Background: The important role of the "nonobstructive" aortic valve calcification (AVC) in cardiovascular morbidity and mortality has recently been emphasized. The present work had two goals: (1) to analyze the prevalence and factors determining the extent of AVC in hypertensive patients; (2) to investigate a possible association between the extent of AVC and flow velocity across the aortic valve.
Methods: This was a prospective study performed in a university hospital. The sample included 263 consecutive patients (139 men and 124 women), mean age 65+/-6, who underwent echo-Doppler. The upper quartile of peak flow velocity across the aortic valve (>130 mm/s in our population) was defined as augmented flow velocity.
Results: There were 31 (12%) patients in the advanced AVC group and 122 (46%) without any calcified deposits (the no AVC group). The remaining 110 (42%), who did not meet criteria for advanced AVC, comprised the trivial AVC group. Peak flow velocity was significantly higher in patients with advanced vs. trivial AVC and no AVC groups: 135+/-45, 116+/-23 and 113+/-23 cm/s, respectively; p=0.0002. Prevalence of augmented transvalvular aortic flow was significantly higher (p=0.01) among patients with advanced AVC (41.9%) vs. trivial (20.9%) and no AVC (20.5%).

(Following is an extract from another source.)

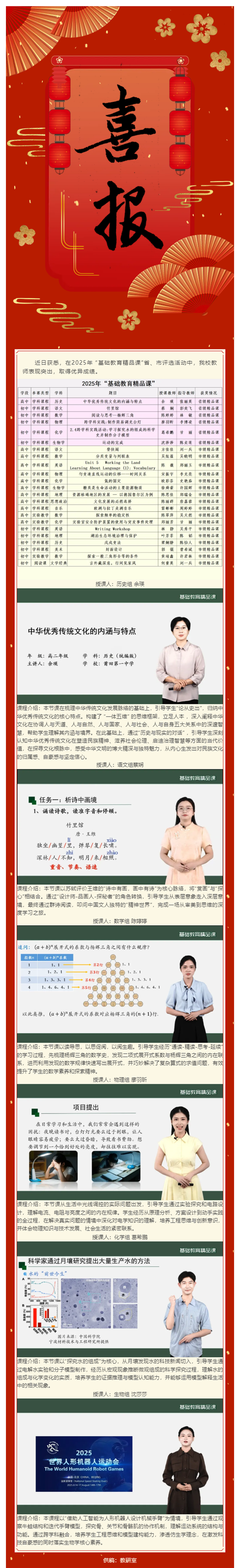 热烈祝贺我校教师在2025年“基础教育精品课”评选活动中取得佳绩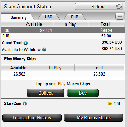 Следующая цель NL5 выделю на это 20$ буду играть со средним стеком ,а там дальше как пойдет.Хочу выиграть 100$ на NL5.Буду играть 6 столов пока не присмотрюсь к игре .Вот в общем и все )

Multivariate analyses identified age as the only independent variable associated with advanced AVC [OR 1.6 (CI 1.2-2.3), 5 years increment]. Advanced AVC and female gender were identified as independent variables for augmented transvalvular aortic flow with OR 2.9 (CI 1.3-6.4) and 2.5 (CI 1.4-4.6), respectively.
Conclusions: Prevalence of AVC among hypertensive patients is high and clearly age-related. Female gender and advanced (but not trivial) AVC are associated with augmented aortic transvalvular peak flow. Our results stress the role of protruding calcium deposits in augmentation of rest flow velocity across the aortic valve regardless of visible restriction of leaflet opening.